Date of this Version

1674

Abstract

This is a well-known execution sermon from seventeenth-century Massachusetts, delivered on the occasion of the sentencing to death of a young man convicted of bestiality—specifically of copulation with a mare, in which he was discovered in the open in broad daylight. Samuel Danforth, who wrote and delivered the sermon, would have known the condemned young man very well. Benjamin Goad had been born into Danforth’s congregation at Roxbury and had grown up under his pastoral care. Danforth was also familiar with the anguish of a parent over the death of a child, having suffered the deaths of eight of his own children; he would himself be dead within the year.
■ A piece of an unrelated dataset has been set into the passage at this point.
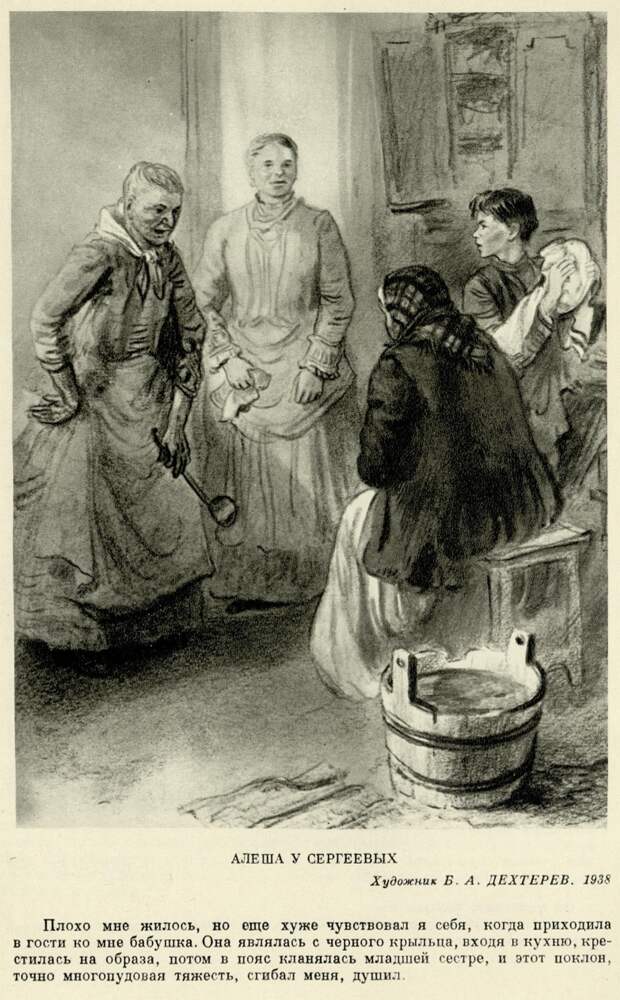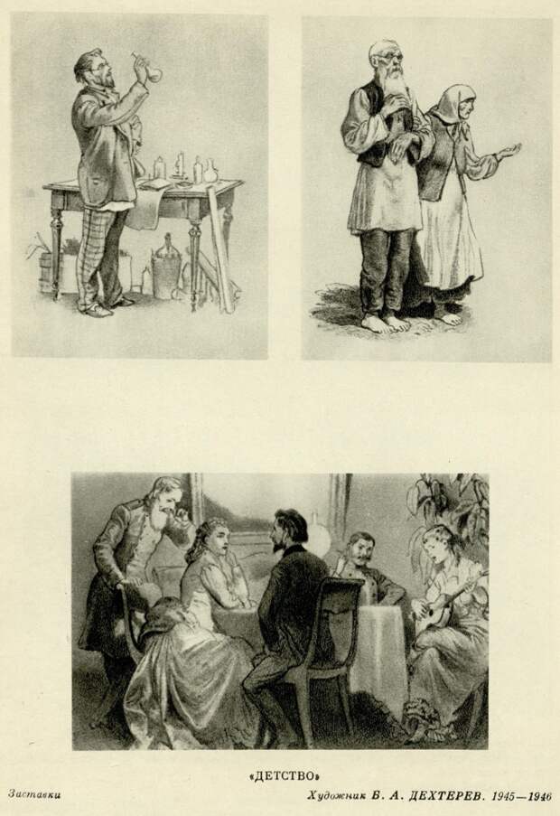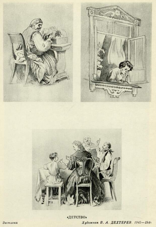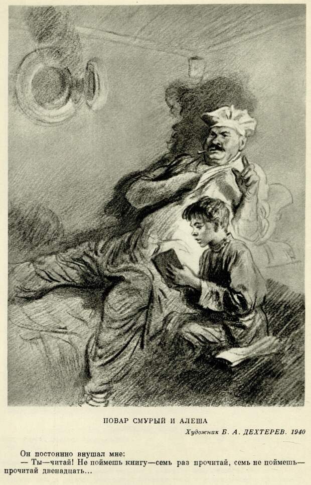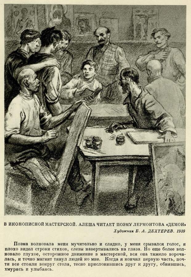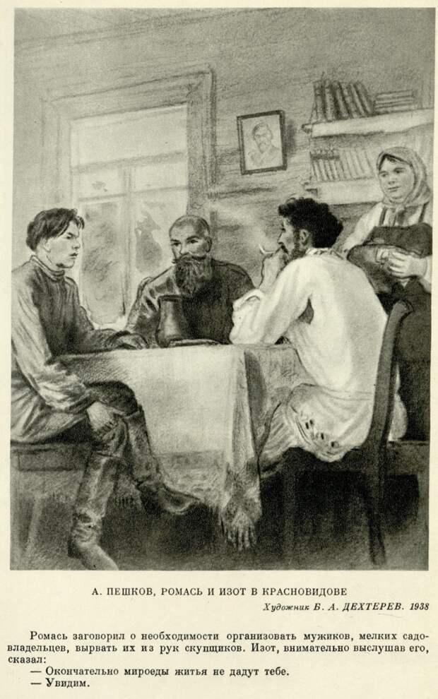 Если Иогансон и С. Герасимов подошли к иллюстрированию Горького уже вполне сложившимися мастерами, то для художников Кукрыниксы, Шмаринова и Дехтерева эта творческая встреча с героями Горького была началом их большого пути в области книжной графики. Шмаринову, Дехтереву и Кукрыниксы выпало счастье слышать советы и указания самого А. М. Горького в период их работы над иллюстрациями к его произведениям. Эти советы во многом способствовали раскрытию в их рисунках замысла писателя, главной идеи, пронизывающей его повести и рассказы.

Danforth’s discourse describes the various practices associated with the sins of Sodom and Gomorrah, including self-pollution (masturbation), whoredome (prostitution), adultery, fornication, incest, sodomy, buggery, and bestiality, and his text is replete with biblical examples. He defends the sentence of death as necessary for the preservation of the church and society. He applies the example made of the condemned to the need for general reformation among all the spectators, who share in man’s fallen and immoral nature: “The gross and flagitious practises of the worst of men, are but Comments upon our Nature. Who can say, I have made my heart clean ? The holiest man hath as vile and filthy a Nature, as the Sodomites, or the men of Gibeah.” (p. 14) The sins and abominations of “uncleanness” offer false promises of pleasure, secrecy, impunity, and the possibility of future repentance. As means of preservation, Danforth recommends the audience to beware of pride, gluttony, drunkenness, sloth and idleness, disobedience to parents and masters, evil company, irreligion, and profaneness.

The sermon is a fascinating and valuable document. Though the case of Benjamin Goad was by no means unique in colonial New England, Danforth’s open and public discussion provides illuminating insights into Puritan moral attitudes and social practices. The work is known largely by reputation; it is the first so-called “execution sermon” but has never been reprinted or anthologized. It has previously been available only on microfilm (of a partially defective copy) or in a facsimile compilation with limited distribution. This edition is an online full-text PDF version, with notes and bibliography. It can be printed out complete on 21 sheets of letter-size paper.